Declaração do México sobre saúde mental e trabalho: chamada para ação

Declaration of Mexico on mental health and work: a call for action

Dr. Horacio Tovalin1; Professor Stavroula Leka2; Dr. Arturo Juárez García3; Dr. Manuel Diaz Vega4

DOI: 10.5327/Z167944352018WOPS

Durante o 6º Congresso Internacional sobre Organização do Trabalho e Fatores Psicossociais – WOPS – da International Commission on Occupational Health/Comissão Internacional de Saúde Ocupacional (ICOH), foi realizado um Painel de Discussão sobre Prioridades na Saúde Mental e Física do Trabalhador, com a participação de especialistas do Brasil, Colômbia, Estados Unidos e Organização Pan-Americana da Saúde, incluindo trocas e contribuições de todos os participantes no congresso.
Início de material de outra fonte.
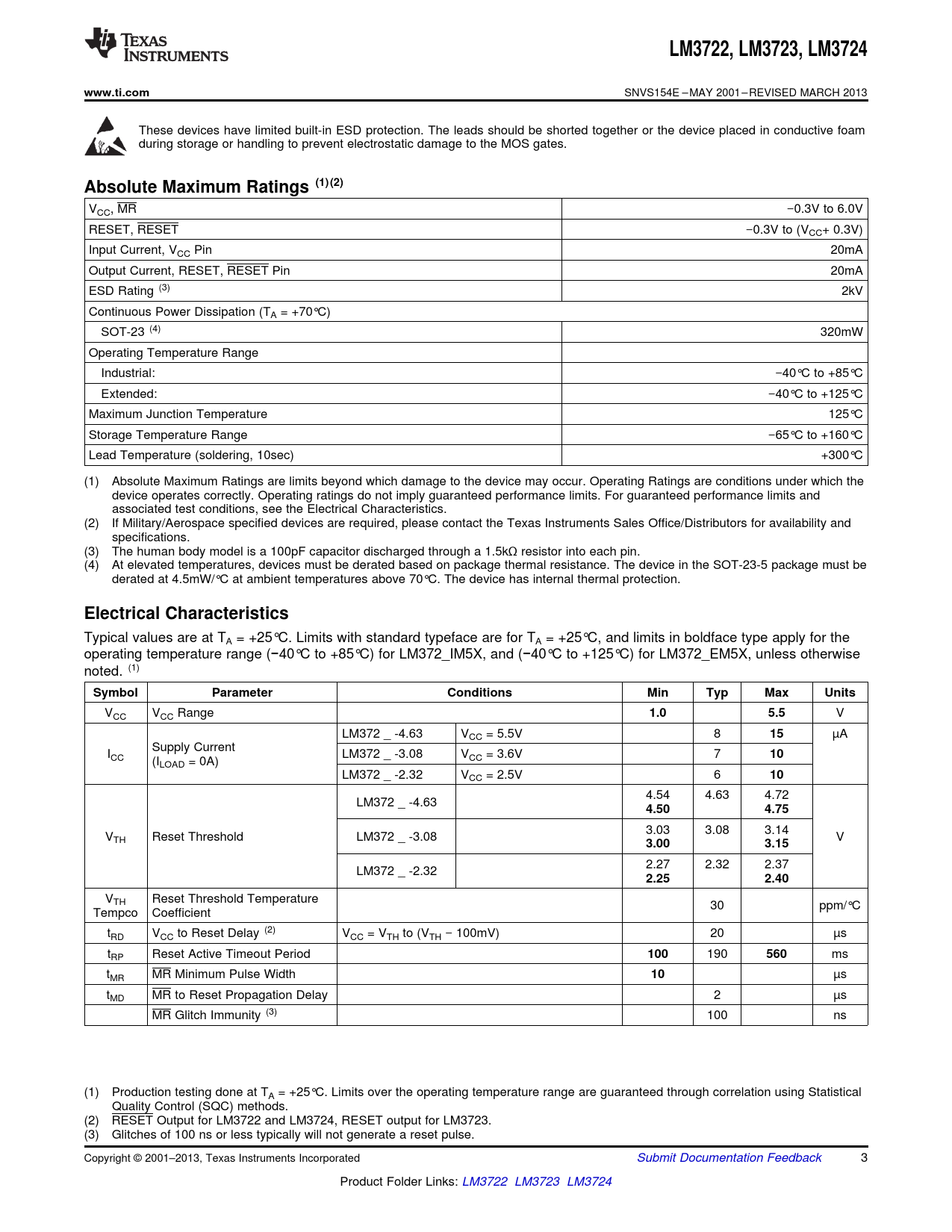 | Pages / Page | 20 / 3 — LM3722. , LM3723,. LM3724. www.ti.com. Absolute Maximum Ratings (1)(2). … |

Com base em diversas considerações contextuais relativas ao mundo do trabalho, o diálogo entre os especialistas e o público e as conclusões do painel, os organizadores do congresso declaram que:

1. Como resultado da globalização, dos efeitos da tecnologia da informação, da comunicação de massa e muitas destas ferramentas feitas por seres humanos, a vida do século XXI gerou uma variedade substancial de estressores no mundo do trabalho e muito além dele, tornando inexistentes as barreiras geográficas e temporais; igualmente, também parecem ter sido apagados os limites entre a vida privada e professional das pessoas.

2. Há uma relação intimamente entrelaçada entre saúde mental e trabalho, que contempla a definição formulada pela Organização Mundial da Saúde (OMS) e o abrangente Plano de Ação para a Saúde Mental, 2013-2020 da OMS, lançado e adotado na 66a Assembleia Mundial da Saúde (WHO, 2017), largamente estendido a fim de reforçar a liderança e governança efetivas em saúde mental e implementar estratégias de promoção e prevenção em saúde mental.

3. Evidências demonstram que estressores na vida cotidiana, incluindo aqueles originados pelas iniquidades no trabalho (conteúdo do trabalho) e nas condições de trabalho (contexto do trabalho) (WHO, 2016) podem ter consequências desastrosas para a saúde e o bem estar do trabalhador. Uma delas é a predominância das permanentes comunicações do trabalho invadindo a vida pessoal, familiar e de lazer, gerando um desequilíbrio que afeta a saúde do trabalhador em todas as dimensões: física, mental, psicológica, familiar, espiritual e de saúde social.

4. A identificação, diagnóstico e visibilidade dos distúrbios da saúde mental, incluindo transtornos depressivos maiores, ansiedade e transtornos bipolares e transtornos de estresse agudo e pós-traumático, estão ligados às condições ocupacionais e empregatícias. Essa associação está refletida na declaração da epidemia global de "Estresse no Ambiente do Trabalho, um desafio coletivo" realizada pela Organização Internacional do Trabalho (OIT) em 2016 (ILO, 2016) e na campanha mundial da OMS "Falemos sobre a depressão", lançada durante o Dia Mundial da Saúde, em 2017 (WHO, 2017).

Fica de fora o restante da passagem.